У него как будто прибавилось сил, когда он на трясущихся ногах преодолел подъем на сопку и увидел вдали свое «Степное»: поселок стоял на месте. Слава Тебе, Слава Богу! Слава Тебе, Господи! Аугуст — благо никто, кроме Господа в небе и белого атомного гриба в черном космосе за его спиной не видели его в этот миг — стал широко креститься. Рука его сама вспомнила это движение. Но немедленно три тысячи ос одновременно впились ему в запястье: ожег набирал ярость; у кожи, у несчастной шкуры Аугуста, столь безответственно подставленной им под бомбу, были теперь свои счеты с Аугустом.

Когда Аугуст подходил к поселку, то был уже изможден и болен до такой степени, что не видел ничего вокруг, кроме тех метров, которые оставалось ему еще преодолеть до ворот дома. Аугуст не замечал, как бегают по улицам люди, слышал, но не понимал, о чем они кричат: он видел только свой приближающийся дом и считал шаги. Кажется, во всеобщей суете никто не замечал и его самого. У каждого в доме и возле дома творился собственный переполох: у одного сарайка завалилась на корову, у другого крышу сорвало, почти у всех повышибало стекла в домах, кого-то ушибло летящими предметами, где-то горело — и везде бушевали проклятья, в том числе рискованного идеологического содержания; на парторга Авдеева никто при этом даже и не озирался: пошел он к чертовой матери — «свидетель истории» херов: вон он, еще живой свидетель истории лежит под воротами с пробитым брюхом, бьет копытами… Так что не было никому дела и до полуживого Аугуста, бредущего через огород.

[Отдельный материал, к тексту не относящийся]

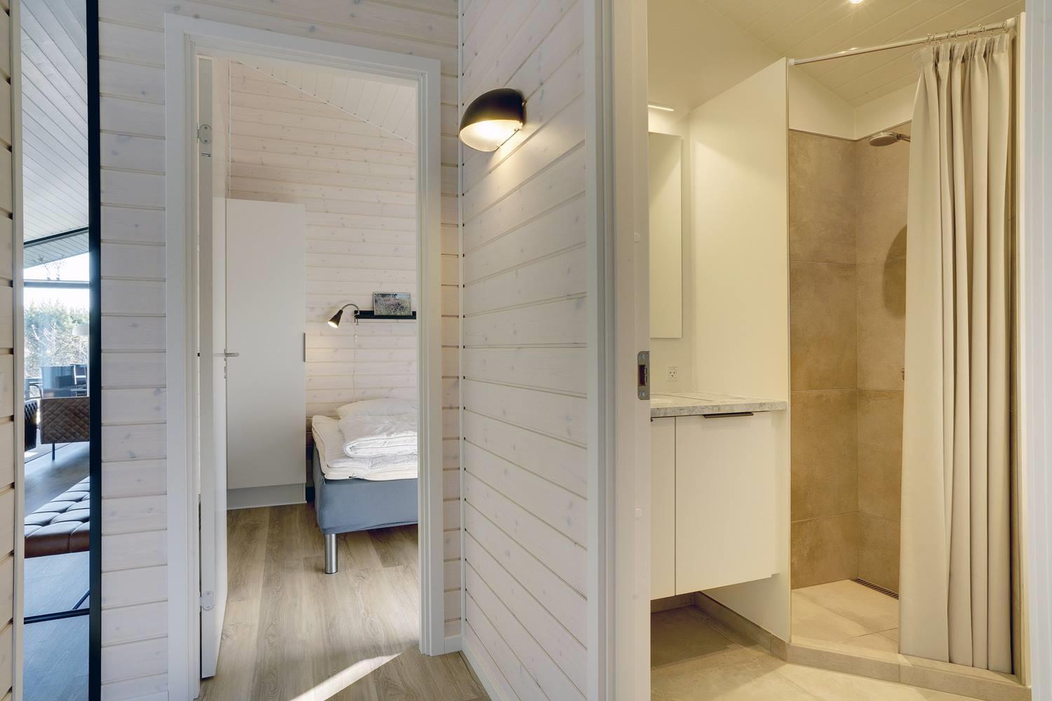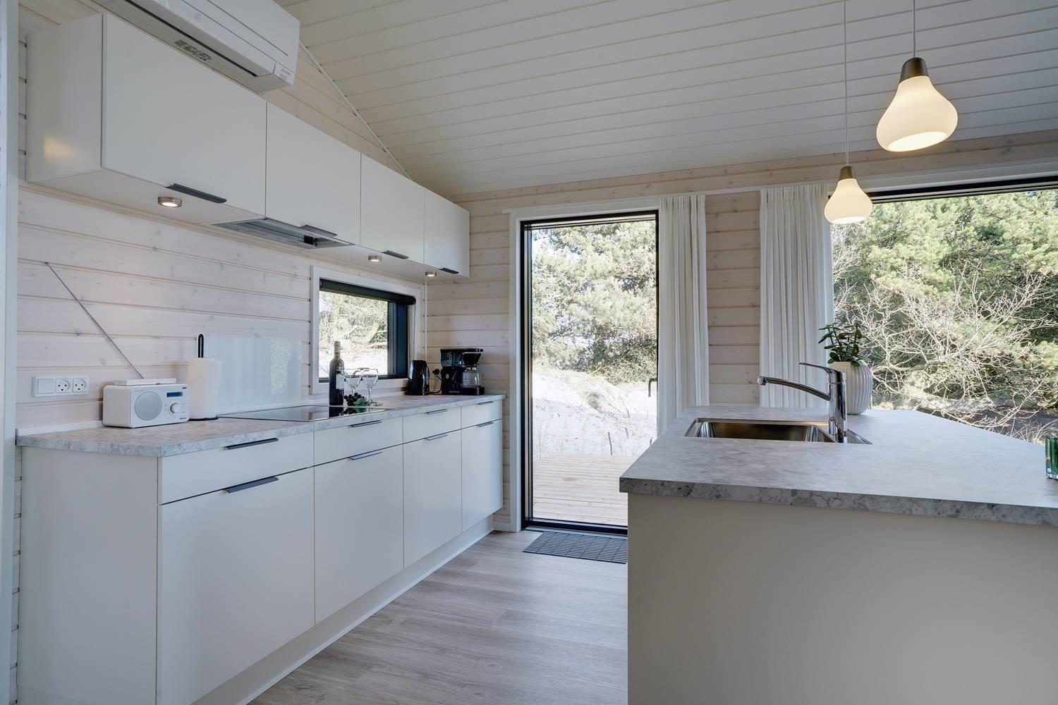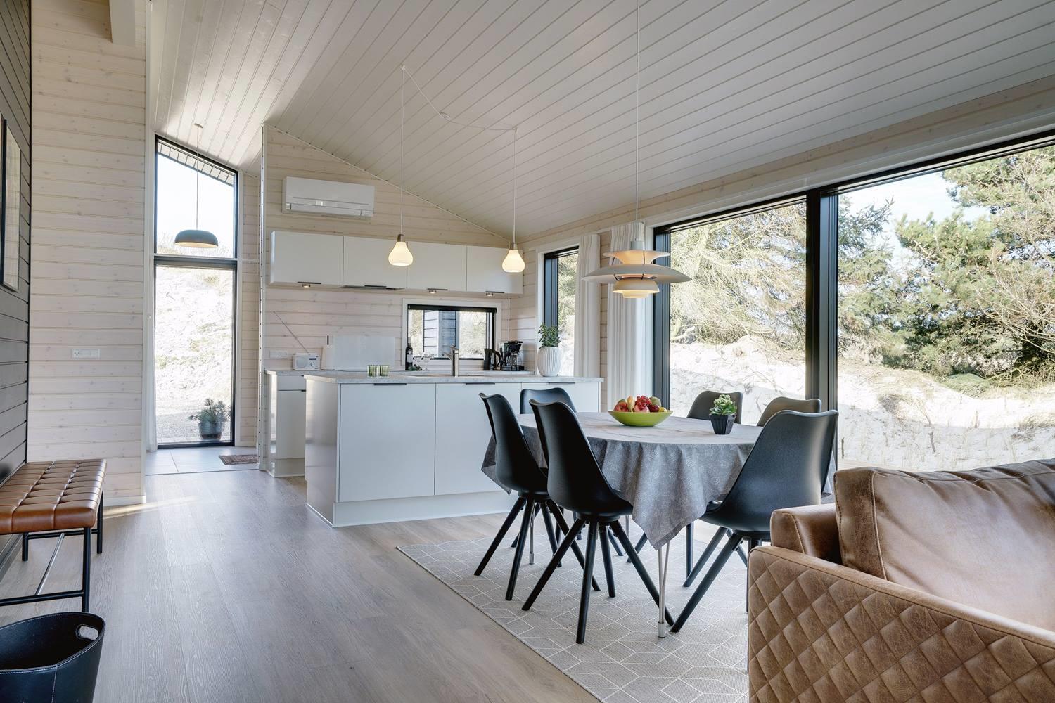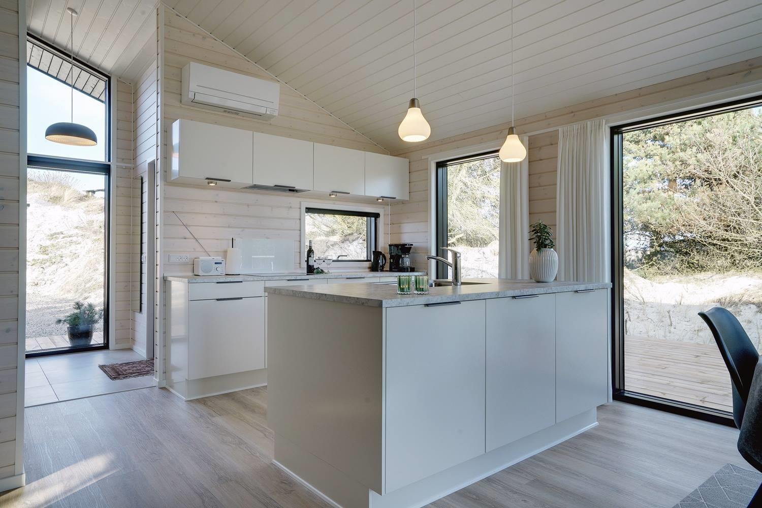 Sommerhuset byder på masser af moderne komfort uden at gå på kompromis med hyggen. Møblerne er velvalgte og elegante, og inventaret på badeværelserne matcher køkkenets. Begge badeværelser har gulvvarme og bruseniche, og det ene har endvidere en sauna, hvor I kan varme jer, hvis I holder ferie her i vinterhalvåret. Der er Chromecast til TVet, og I kan spille jeres egne playlister på radioen via Bluetooth.

Никому не было до него дела. Кроме матери, конечно: та металась по поселку уже больше часа: прибежала с фермы, увидела разбитые стекла, не нашла нигде сына, догадалась куда он делся и упала на лавку, согнувшись от горя. Потом встрепенулась, в отчаянной надежде побежала в школу — проверить, не там ли он. Нет, его там не было: вместо него там, у Ульяны в кабинете, со Спартаком на руках сидел на стуле совсем другой человек… Мать не стала задерживаться с вопросами и побежала искать Серпушонка: а вдруг Аугуст у него? — спасает друга, или помогает ему как-нибудь… а может быть, он у Серпушонка радикулит свой лечит, натирает чем-нибудь… Не обязательно же, чтобы он ушел в степь? Но нигде, нигде не было Аугуста, ни у Серпушонка — нигде; худшее все-таки подтверждалось: ушел! Ушел и погиб там, потому что подобного удара деревня еще не переживала ни разу. Если уж тут так ударило, то что же тогда должно было твориться в степи, на полигоне? Амалия Петровна бежала по улице и плакала, и приговаривала: «Дурачок ты мой родной! Что же ты наделал, что же ты натворил, ну зачем ты это сделал, ну зачем? … Ну почему ты не хочешь жить?.. Ведь мы скоро, уже очень скоро поедем домой, на Волгу…». Она бежала и молилась Богу, чтобы Аугуст вернулся, и вот она подняла голову, и увидела, как он, шатаясь, бредет ей навстречу по их огороду, с трудом преодолевая подъем и не видя ее… Она добежала до него, подхватила его, подставив маленькое, еще крепкое плечо свое и шатаясь вместе с ним, завела его в дом, а там едва дотащила его до кровати, на которую он рухнул со стоном, сказав только одно слово: «потом…» — и то ли уснул, то ли потерял сознание. Она удостоверилась, что он еще дышит, и села рядом. Он спал, а она говорила ему всякие вещи. То есть она говорила сама с собой, но обращалась к нему. А он все слышал, оказывается. А она не знала, что он все слышит — думала, что он спит…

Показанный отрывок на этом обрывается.